Jimmy Reagan cares about canvases, not carpet, as evidenced by the squirts and blobs of brightly hued acrylic paint that drip from his easel to the floor below.
Artists can spend years developing a style, but Reagan seemed to possess a unique view that emerged as soon as he began drawing, painting — and making a mess — at age 16.
Reagan's signature are the short, dense brush strokes that he called "tick marks," swirling bristled patterns dabbed in the background of most of his compositions.
His canvases, so luminous they seem lit from within, are drawing interest from galleries and collectors around the world who are intrigued by the 24-year-old artist's shimmering landscapes, smirking farm animals and, especially, his portraits.
The faces that Reagan forms in blocks of color are often distorted or display angled profiles, but all of them are arresting in their gaze.

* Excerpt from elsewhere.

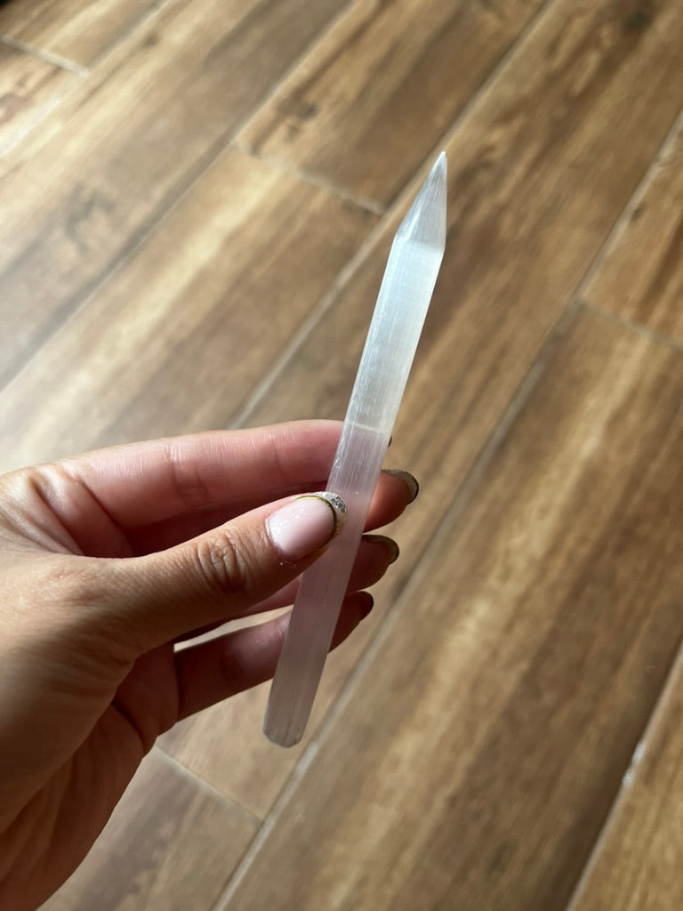 - Limpieza de cristales: La selenita es famosa por su capacidad para limpiar y recargar otros cristales. Simplemente colócalos cerca de una pieza de selenita para restaurar su energía.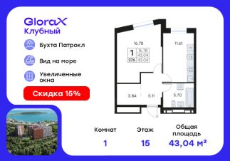 Продается 1-комн. квартира на 15-м этаже в квартале GloraX Клубный. GloraX Клубный - уникальный видовой проект с выделяющейся архитектурой в развитом районе Владивостока. Общая площадь лота составляет 43,04 кв. м, из которых 16,78 кв. м отведено под жилую и 11,61 кв. м под кухонную зону. Номер квартиры - 376.Преимущества квартиры:однокомнатная квартира, высокий этаж, гардеробная.Преимущества проекта:• Квартиры с панорамными видами на бухту Патрокл, маяк Басаргина и остров Русский• Планировочные решения под любой жизненный сценарий от 23 до 67 м²• Гардеробные комнаты, увеличенные панорамные окна, просторные кухни-гостиные• Эксклюзивное благоустройство: продуманное зонирование, игровые и спортивные площадки, площадка для стритбола, амфитеатр• Премиальный дизайн входных групп с лаунж-зоной• Безбарьерная среда, закрытая территория, видеонаблюдение• Лапомойки, колясочные и туалеты на первом этаже• Двухуровневый подземный паркинг на 350 машино-мест с лифтом на жилые этажи• Келлеры на цокольном этаже для хранения сезонных вещей с доступом на лифте• Современный ландшафтный дизайн комплекса от DEREVOPARKGloraX Клубный заповедник в черте мегаполиса. Комплекс тщательно продуман для максимального удобства и обеспечения безопасности его жителей. Квартал расположен в одном из самых современных развивающихся районов города: совсем рядом раскинулась живописная бухта Патрокл, где можно прогуляться по облагороженной пешеходной набережной, заглянуть на пляж или в школу серфинга. Комплекс имеет прекрасную транспортную доступность: рядом проходит объездная трасса СеданкаПатрокл, а до центар можно доехать всего за 15 минут.Проект включает 3 монолитных корпуса, каждый из которых спроектирован с акцентом на комфорт, безопасность и современный образ жизни рядом с уникальной природой. Общий двор создает приватную территорию для житей комплекса.В комплексе предусмотрен двухуровневый подземный паркинг на 350 машино-мест с доступом прямо с жилых этажей. Паркинг оборудован современными системами видеонаблюдения, контроля въезда-выезда и пожаротушения. На цокольном этаже размещаются келлеры для хранения сезонных и габаритных вещей. Доступ к кладовым на лифте с жилых этажей. Современный ландшафтный дизайн жилого комплекса GloraX Клубный создан ведущей российской студией DEREVOPARK. Во дворе для детей всех возрастов предусмотрены различные игровые площадки с лазалками, батутами, качелями и песочницей. В центре расположен специальный ''зеленый остров'', где взрослые могут отдохнуть на качелях и гамаках в тени больших деревьев. Для любителей спорта предусмотрены две специальные спортивные площадки для настольного тенниса и стритбола — для зрителей тоже найдется место! А еще на территории комплекса будет дорожка для роллеров и любителей покататься на велосипеде, самокате или скейте.В шаговой доступности располагаются все необходимые объекты социальной и коммерческой инфраструктуры.Цена у

"The subjects look out at you in such an interesting way, and everyone who sees them gravitates to the eyes," said Peg Schneeman Reagan, his mother and chief booster. "Eye contact has always been hard for Jim."
Diagnosed with complex autism at age 2, Reagan speaks with difficulty, doesn't drive and needs constant supervision. Still, he's become a prolific artist.
From his makeshift studio in a high-ceilinged room off his family's Mendota Heights kitchen, he works from instinct.